On September 28, 2018, the state defendants and county defendants moved for summary judgment. (Doc. 74; Doc. 76). Plaintiff's resistance to the motions for summary judgment was due by October 19, 2018. See LR 56(b). Plaintiff did not file a timely resistance, but on October 30, 2018, plaintiff moved for an extension of time to resist the defendants' motions for summary judgment. (Doc. 79). The Court provided plaintiff until November 21, 2018, to file his resistances, and stated "[p]laintiff will not be given any additional extensions of time to respond to the pending motions for summary judgment." (Doc. 80). On November 26, 2018, plaintiff filed a resistance to defendants' motions for summary judgment. (Doc. 83). The state defendants filed a timely reply to plaintiff's resistance. (Doc. 84).
On December 21, 2018, plaintiff filed a second opposition to defendants' motions for summary judgment (Doc. 85) ("second resistance") raising new arguments that plaintiff did not assert in his prior resistance. Plaintiff also filed a response to the state defendants' reply (Doc. 86) ("surreply"). Plaintiff did not request leave from the Court to file the second resistance or the surreply. On January 2, 2019, the county defendants moved to strike the second resistance on grounds that it was untimely under Local Rule 56. (Doc. 87). The county defendants also request that the Court treat all facts set forth in the county defendants' statement of undisputed material facts as conclusively established and grant the county defendants' motion for summary judgment on that basis. The county defendants' motion to strike incorrectly states that plaintiff did not resist the county defendants' motion for summary judgment until December 21, 2018. (Id. at 2). The motion to strike fails to recognize plaintiff's resistance (Doc. 83) which addresses both the state defendants' and the county defendants' motions for summary judgment.
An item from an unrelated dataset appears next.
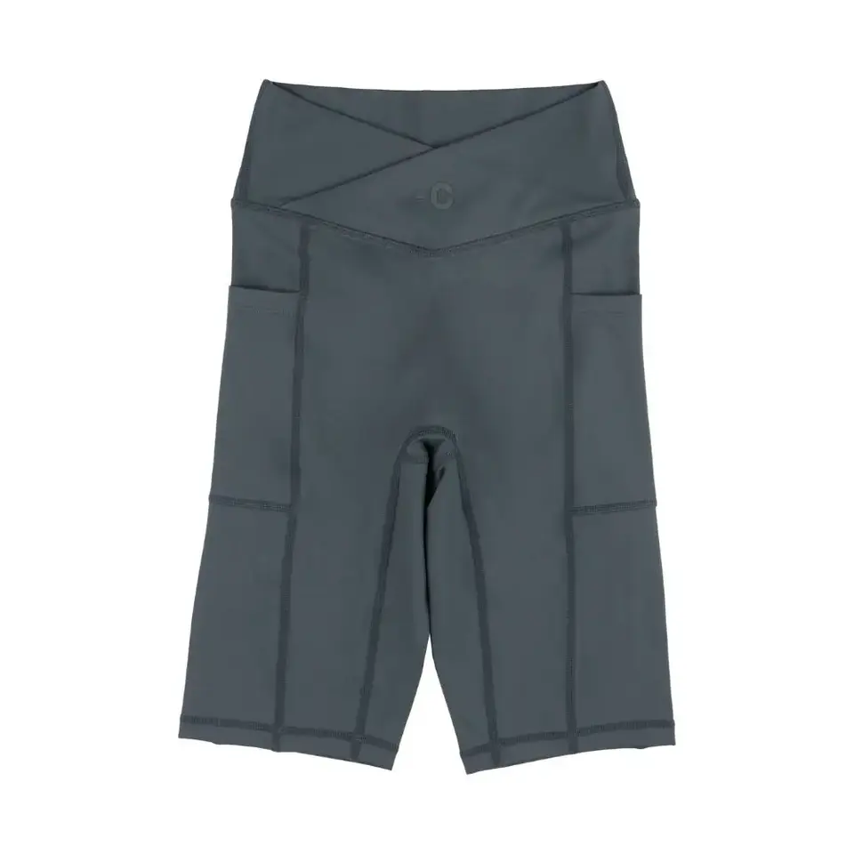 Women's Fitness Biker Shorts High Waist Seamed Stretch 100% Nylon with Cross Waistband and Elastic Waist for Yoga Gym Running

The Court may strike procedurally improper or untimely filings from the docket under the Court's inherent power to control the cases on its docket and to sanction conduct which abuses the judicial process. Chicago Ins. Co. v. City of Council Bluffs, Iowa, No. 1:07-cv-21, 2012 WL 13018889, at *2 (S.D. Iowa Jan. 10, 2012). The Court also has discretion whether to consider an untimely resistance to a motion for summary judgment. See Watson v. Geithner, 355 Fed. App'x 482, 483 (2d Cir. 2009); Anderson v. AMR, 348 Fed. App'x 322, 323 (9th Cir. 2009); Young v. City of Palm Bay, Fla., 358 F.3d859, 863 (11th Cir. 2004); McNair v. Bonaventura, 46 Fed. App'x 849, 851 (7th Cir. 2002); Featsent v. City of Youngstown, 70 F.3d 900, 906 (6th Cir. 1995).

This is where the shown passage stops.